Анива наблюдал за мной. Я чувствовал его дыхание позади.
Кто-то схватил меня за руку. Я обернулся — отец. Он не кричал, просто смотрел мне в глаза, жадно вдыхая воздух. Потом, смахнув с красного лица капли пота, повел меня вниз. Мы часто останавливались, чтобы отец мог отдышаться. Его штаны были разодраны.
У входа стояли мама и Николай Степанович. Мама плакала, проводник хмуро рассматривал камни под ногами. Позади одиноко стоял мольберт.
— Обними мать, — строго сказал отец.
Я подошел к ней и неловко обнял. Мама крепко прижала меня к себе, ее руки дрожали, а горе холодным ветром пронизывало до костей. Мамины слезы стекали по лицу, смешиваясь с морской солью, которая оседала на коже.
Затем маму обнял отец. Он тихо что-то шептал ей на ухо. Его усы щекотали мамину мочку. Мы утопали в тишине, нарушаемой лишь плеском волн и гулом ветра.
— Пора возвращаться, — наконец сказал Николай Степанович. Лицо его было хмурым, но глаза выдавали неловкость.
Отец отпустил маму и вытер ее слезы со своих щек. Потом взял под руку и повел к лодке. Мы стали аккуратно спускаться со скал.
Пока Николай Степанович помогал родителям усесться, я в последний раз оглянулся на Аниву. Его пустой мертвый глаз внимательно за нами следил.
III
Воспоминания о круизе не отпускали. Я стоял в кухне, рассматривая чашку и вспоминая встречу с маяком. В кухне стало чисто. Мама, немного успокоившись, пошла в спальню работать над новой картиной. Я остался один. Придя в себя, убрал чашку в посудомойку. Потом вернулся в свою комнату, сел за стол и уставился в тетрадь. Раскрыл ее. Пустые страницы влекли меня, обещая покой. Я отложил учебник по геометрии и попробовал написать сочинение по русскому языку — о том, как провел прошлое лето. Про круиз. Родителей. Аниву. Но слова не шли.
Я встал со стула, прошелся по комнате, разминая ноги. Подошел к книжной полке. Стал рассматривать книги — прямо как мама. Диккенс, Куприн, Василий Ян… Книг было много, но мне нечего было читать. Я закрыл глаза, протянул руку, снял с полки первый попавшийся том. Открыв глаза, посмотрел, что попалось.
С зеленой обложки на меня смотрел белый маяк. Он стоял вдалеке, на небольшом острове, окутанном то ли дымом, то ли туманом. Что странно, ведь чуть дальше светило солнце, а морские волны безуспешно пытались проглотить гальку и песок. Уголки страниц были слегка загнуты; скорее всего, мама читала. На обложке было написано — «На маяк».

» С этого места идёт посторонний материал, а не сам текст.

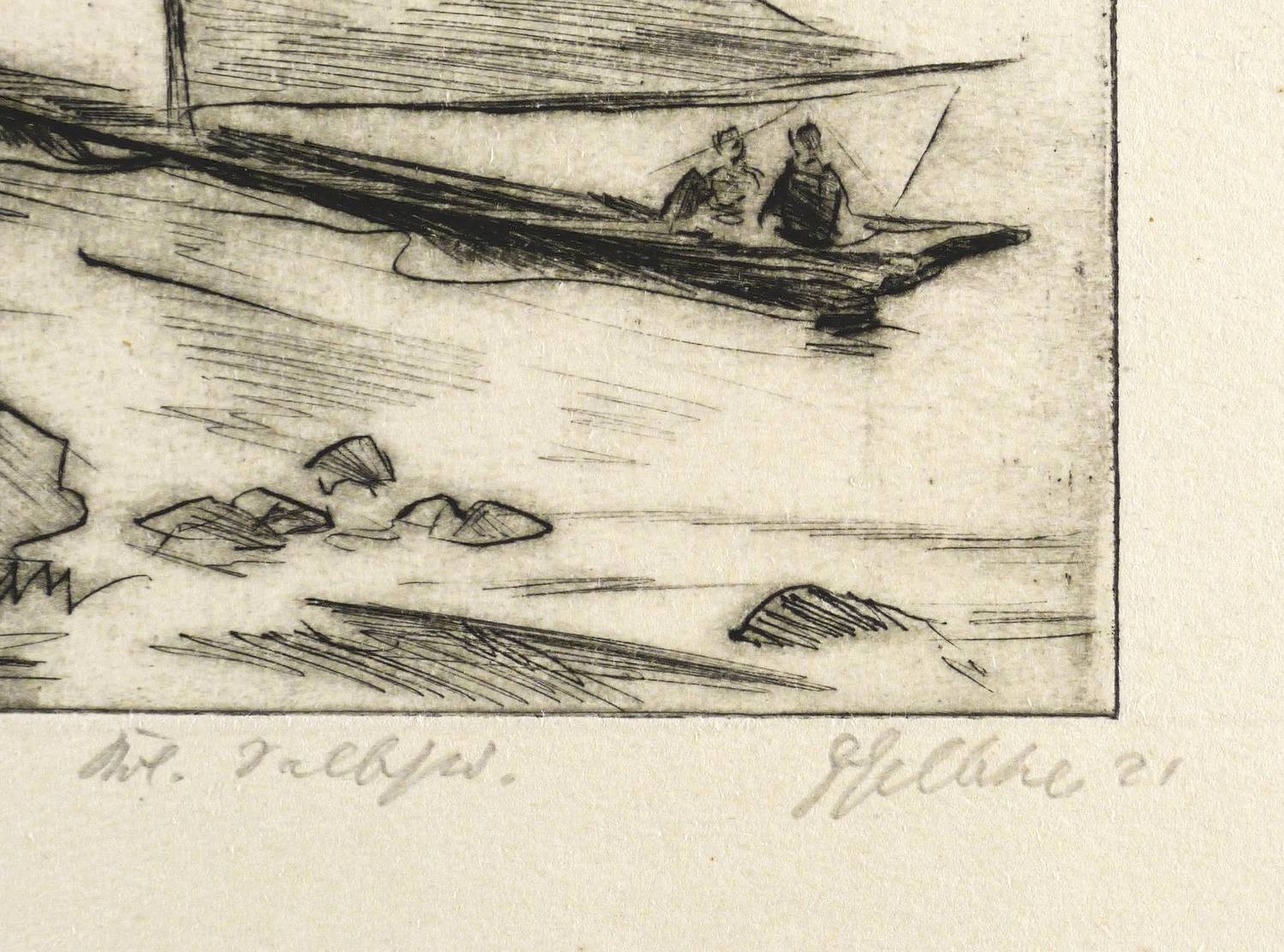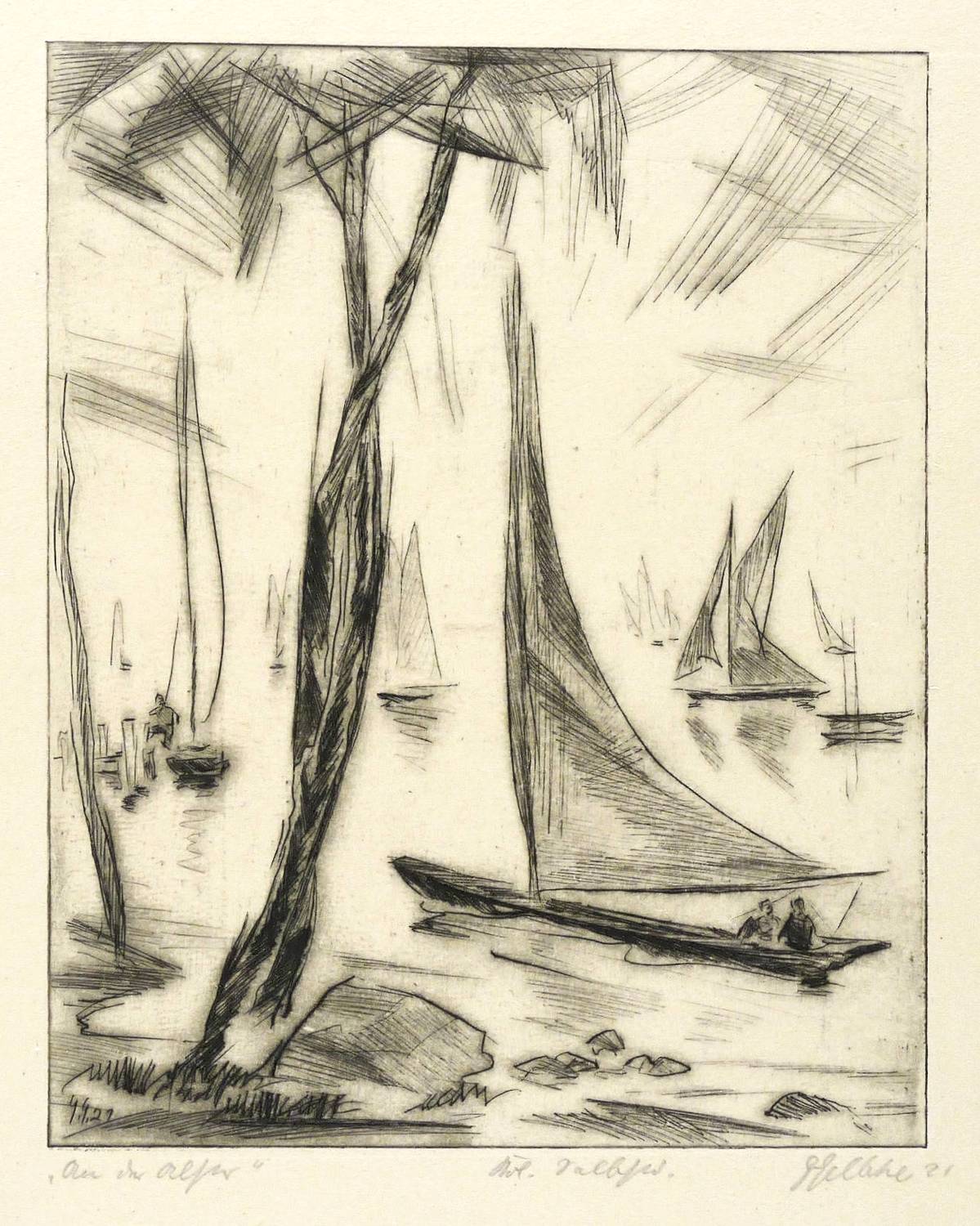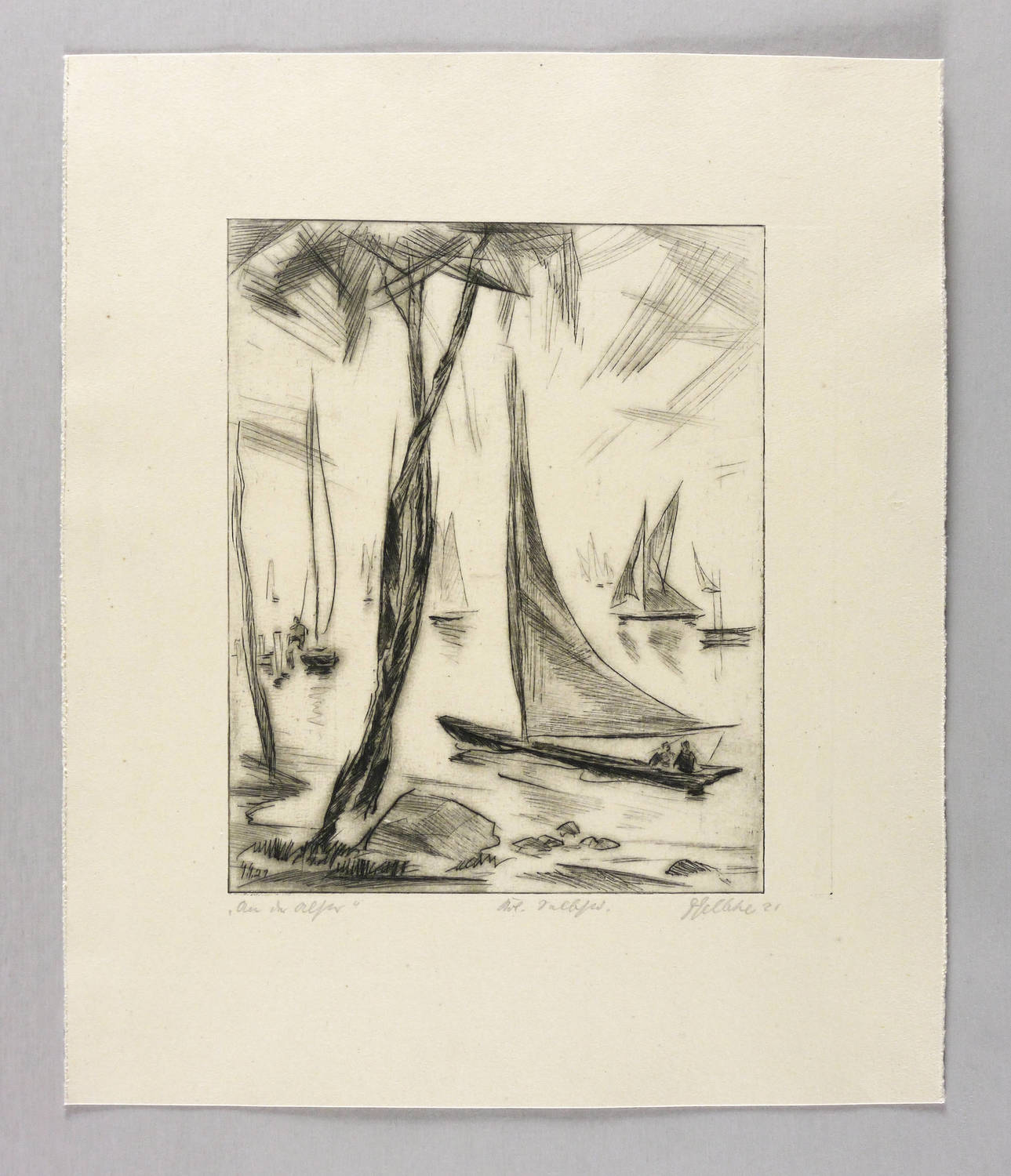 Rechts unten in Bleistift signiert und datiert: ″G Gelbke 21″. Links Titel: ″An der Alster″. Mittig bezeichnet: ″Kol. Selbstdr.″ – Selbstdruck des Künstlers. – Sehr guter Zustand.
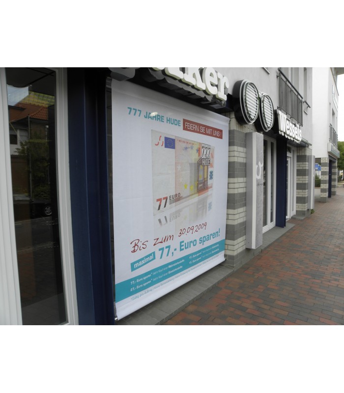 Gerüstbanner, Spannbanner, Banner an Aussen- und Innenwänden, vor und hinter Schaufenstern, als Bühnenbanner (Bandbanner), auf Baustellen, an Bauzäunen etc. Formate frei wählbar.
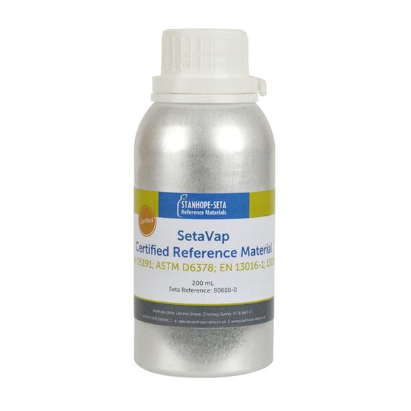 Genel olarak ISO 17034 ve ISO 33405 ilkelerine uygun olarak üretilen SetaVap Sertifikalı Referans Malzemesi (CRM) Pentan, birden fazla test yöntemi için sertifikalı değerler sağlar ve uluslararası izlenebilirlik sağlamak için yetkin laboratuvarlardan oluşan bir ağ kullanılarak karakterize edilmiştir. Denetlenen ve ISO 17025 ile uyumlu olan laboratuvarlar için doğrulama gereksinimlerini karşılamaya yardımcı olan oldukça uygun maliyetli bir çözümdür.
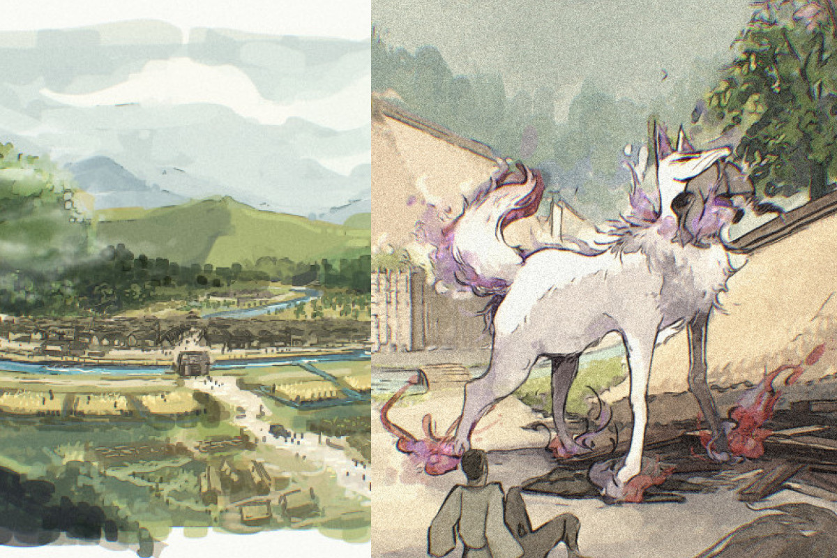 絵としての見た目優先で色々つけたしてしまったなあ。本当にモノケモノの世界がこうなるかはわからないですが…(田んぼそこにあってええんか?と思う)
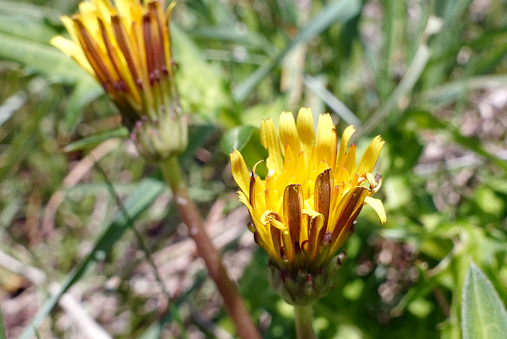 タンポポのなかでも珍しく山地に生育するツクシタンポポ。花は1日のうちの短い時間しか咲かず、きれいに咲いたツクシタンポポを見ることができるのは運次第!?この日観察したツクシタンポポは、これが最大限に開いた状態でした。
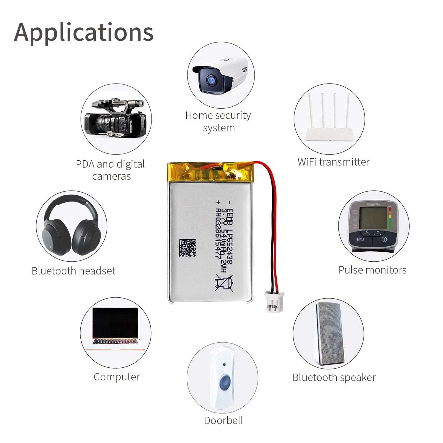• STORAGE & APPLICATION—Keep the cells in 40%-60% charged state during long period storage. We recommend to charge the battery every 3 months after receipt of the battery and maintain the voltage 3.7-4.0V. Store battery in cool and dry place.//SUITABLE for Bluetooth speaker, dash cam, keyboard and mouse, Wi-Fi smart home systems, PDA and digital cameras, GPS, monitoring units, e-books, tracking devices, sleep management equipment, blood oxygen tracking equipment, pulse monitors, wireless, IoT.
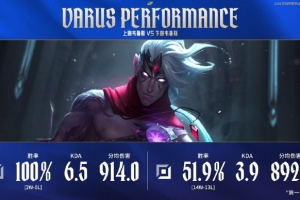 賽事數據:LPL第一賽段至今上單維魯斯兩場100%勝率 下路51.9%
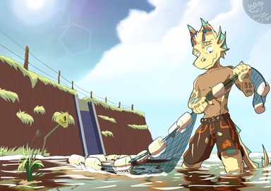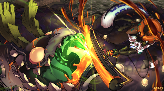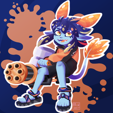 #anthro #cellshading #celshading #commission #dragon #dynamo #fanart #mainstage #roller #sea #slug #splatoon #starfish #taphen
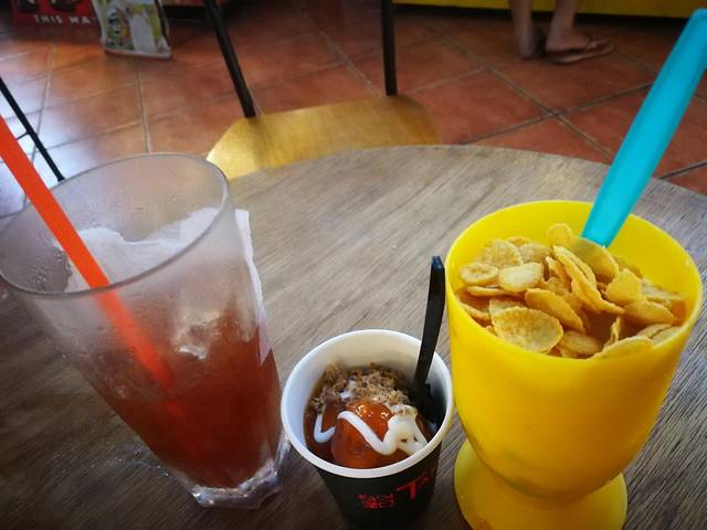 右边的也差不多是一种饮品,但里面物料非常丰盛。中间的有些像章鱼小丸子,最左边的这款饮料喝过很多次,就像是我们这边很多餐厅供应的大麦茶一样,几乎家家都有,但是忘记名字了。口感带甜,加上冰块也太爽了。
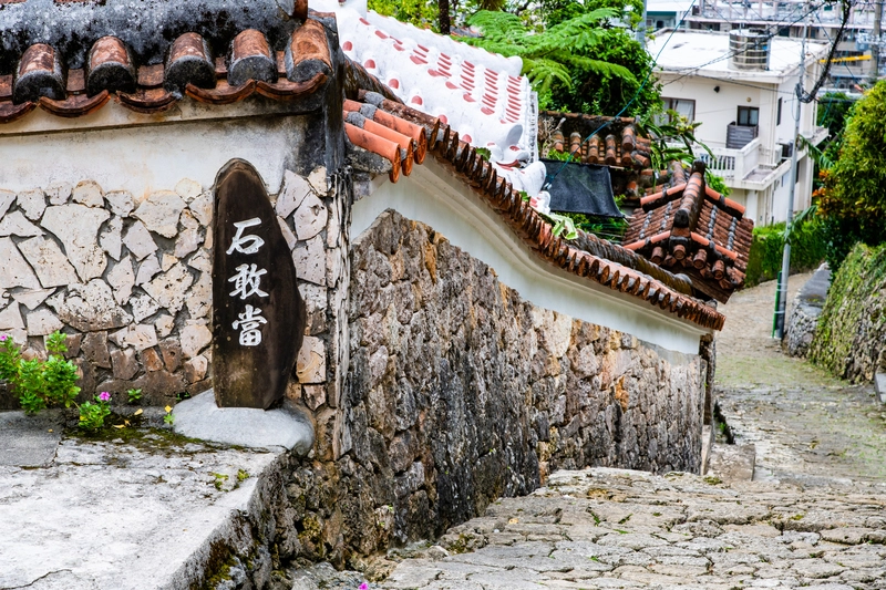 『首里金城町石畳道(しゅりきんじょうちょういしだたみみち)』は、琉球王朝時代の面影が色濃く残った石畳道。首里城の南側に位置し、16世紀に造られた(※)この石畳は、琉球石灰岩を用いた独特の曲線が特徴です。
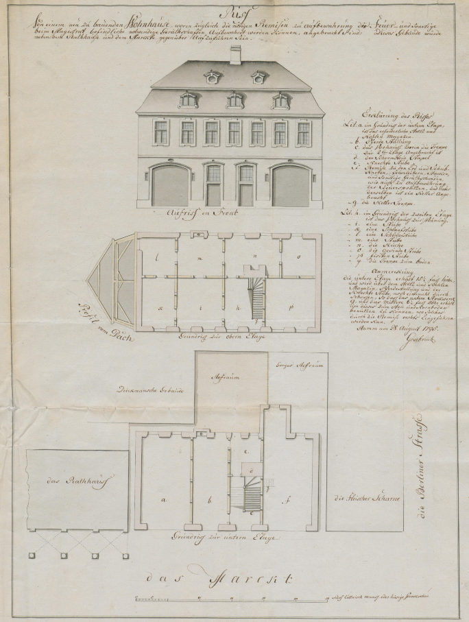 Landesarchiv NRW Abteilung Westfalen W 051 Karten A Allgemein Nr 20463 Hamm (Hamm) Haus am Markt (Entwurf) Ansicht, Grundrisse Riss von einem neu zu bauenden Wohnhause, worin zugleich die nötigen Remisen zu Aufbewahrung der Feuer und sonstigen beim Magistrat befindliche notwendige Gerätschaften aufbewahret werden können 1795 50 köln. Fuß = 12,6 cm 48 x 35 kol. Zeichnung Gosebruch Kriegs- und Domänenkammer Hamm Nr. 1068

Я вернулся за стол, сел и начал читать. Свет настольной лампы мягко лился на шелестящие страницы. Сердце билось все быстрее. Я пытался понять, что творится в романе. Это было непросто — меня поглотил поток мыслей и образов. Герои романа (или, возможно, размышления?) почти ничего не делали; они думали, вспоминали, переживали, перескакивали с одной мысли на другую, затем погружались в былые ощущения — все это было правдой, все как в жизни. В моей жизни — конфликтующие отец и мать, мисс Рэмзи, художница Лили Бриско, не способная закончить портрет, и таинственный маяк, который так близко, — и никак до него не добраться.
Я закрыл книгу и поставил ее обратно на полку. Воздух был пропитан запахом дождя, проникавшим сквозь приоткрытое окно. Я подошел, чтобы закрыть его, но в последний момент замер, вглядываясь в уличный свет, расплывающийся в каплях воды.
Дождь залил все улицы. Вода поглощала соседние многоэтажки, превращая их в подводные камни. Тонули машины, магазины, светофоры и фонари. Вместо привычных сосен и детского садика я видел море, то ли серое, то ли серебристое, жадно проглатывавшее каждую каплю дождя. Над зданием старого кинотеатра, давно забывшего треск киноленты, возвышался Анива — высокий, серый, соленый. Я посмотрел в его глаз и увидел, что теперь он был живой. Из ржавого, покрытой мхом и грязью глаза лился свет, освещающий путь.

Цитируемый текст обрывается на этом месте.